A founder asked if we would rebuild their admin in “something faster than React.” The app was fine. The deploy model was not.
We still reach for Next.js most weeks. We leave it when three signals line up—not when a blog post says React is tired.
Signal one: the product is not a website
When the surface is a long-lived desktop tool, heavy client state, and websockets all day, a document-centric framework buys little. The team ships against a different mental model. We have moved those clients to Vite + a thin API layer, or a backend-for-frontend we control.

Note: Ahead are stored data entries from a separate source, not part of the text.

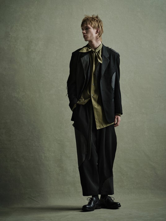 ナチュラルなムラ感を表現したタンガリー素材の2ツ釦テーラードジャケットとパンツ。パンツはベルトループを兼ねた側章が付いており、釦で留め外し可能なデザインです。オーバーサイズの台襟付きシャツは、インド織機の独特な風合いと菊と靄(もや)のモチーフを掛け合わせた刺繍で大きく「y」を表現しました。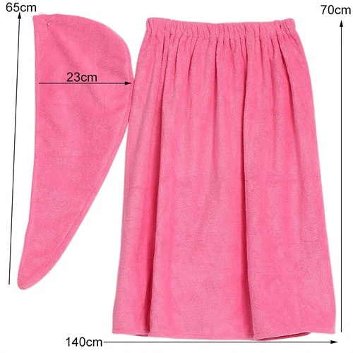 Women Soft Spa Bath Body Wrap Set Towel Bathrobe With Fast Dry Hair Drying Cap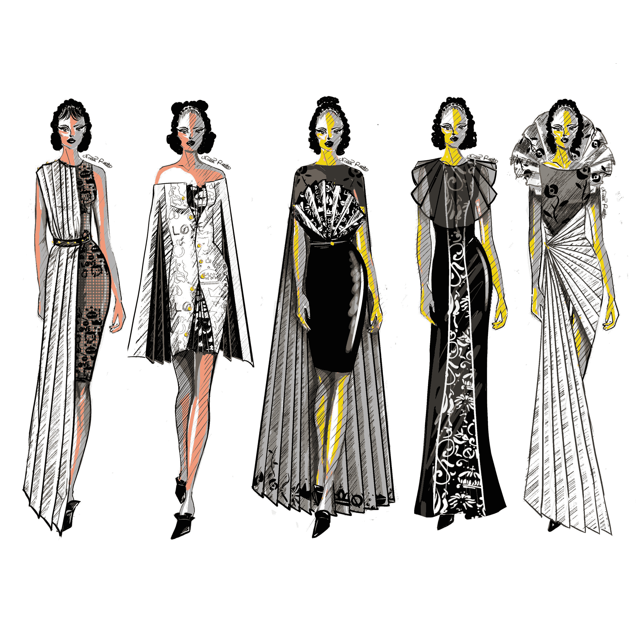 Alcuni bozzetti interamente realizzati da me in digitale per il mio progetto d’esame di “Fashion design per l’impresa”.

Signal two: edge and regional law fight the default hosting story
If every request must hit a specific jurisdiction, or you need predictable long-running workers on every request, the platform bill and architecture stop looking like a marketing site. We map data residency first. Then we pick the runtime.
Signal three: the team cannot operate the framework
Next.js is not “zero ops.” If there is no one who understands caching headers, ISR, and why a build failed, the org is paying for complexity without the skills to own it. Sometimes a boring server-rendered monolith and a single deploy target is the professional answer.
What we’d do differently next time
We have recommended Next when a simpler stack would have trained the client faster. Enthusiasm for file-based routing is not a strategy.
Our read
We leave Next.js when the job-to-be-done is not “ship pages with good defaults.” We stay when the product is the web, SEO matters, and the team wants one disciplined way to ship both UI and API routes. The stack is secondary to the operating model.